Intelligent mais pas omniscient.

L’intelligence artificielle de vos troupes est divisée en trois modules permettant de gérer chaque niveau de commandement. L’IA « grande tactique » disponible pour le jeu solo permet au chef d’armée adverse de diriger ses chefs de corps selon un plan tactique global et de changer ses actions en fonction des évènements. L’IA tactique est utilisée pour définir les actions des chefs de corps sur leurs régiments (formation, déploiement et heure d’intervention) et enfin, l’IA régimentaire gère le comportement dynamique de vos régiments (sic !) face à une situation donnée. Si les deux premières sont importantes pour le déplacement et la cohésion des troupes, la dernière définit avec précision quelle action et quelle formation sera adoptée par un régiment en cas, par exemple, de rencontre avec un ennemi, mais nous y reviendrons…

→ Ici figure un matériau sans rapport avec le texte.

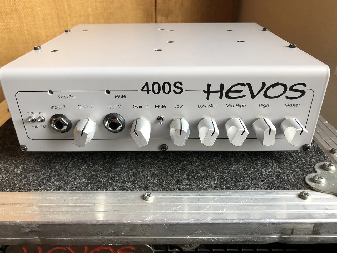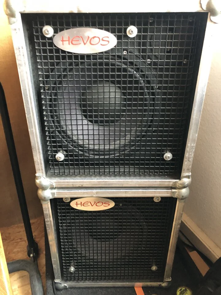 Zum Verkauf steht ein Hevos Stack, bestehend aus einem 400s Topteil (mit Original Tasche) und zwei Midget 10“ Boxen, einmal mit Schlitz-Hochtöner, einmal ohne.

La version quasi-finale que nous avons pu tester ne comportait pas l’implémentation de l’IA « grande tactique » et nous avons malgré ça réussi à nous prendre quelques belles déculottées grâce à l’efficacité de l’IA tactique et régimentaire! Pas de triche à la Starcraft, ou l’ennemi connait en permanence votre position et vos effectifs pour frapper au plus mauvais moment, mais une IA féroce qui ne vous laisse aucune chance dès que vous l’approchez ! Il faut utiliser le terrain au maximum pour damer le pion à l’ennemi et empêcher le fourbe d’entamer un mouvement qui vous sera fatal.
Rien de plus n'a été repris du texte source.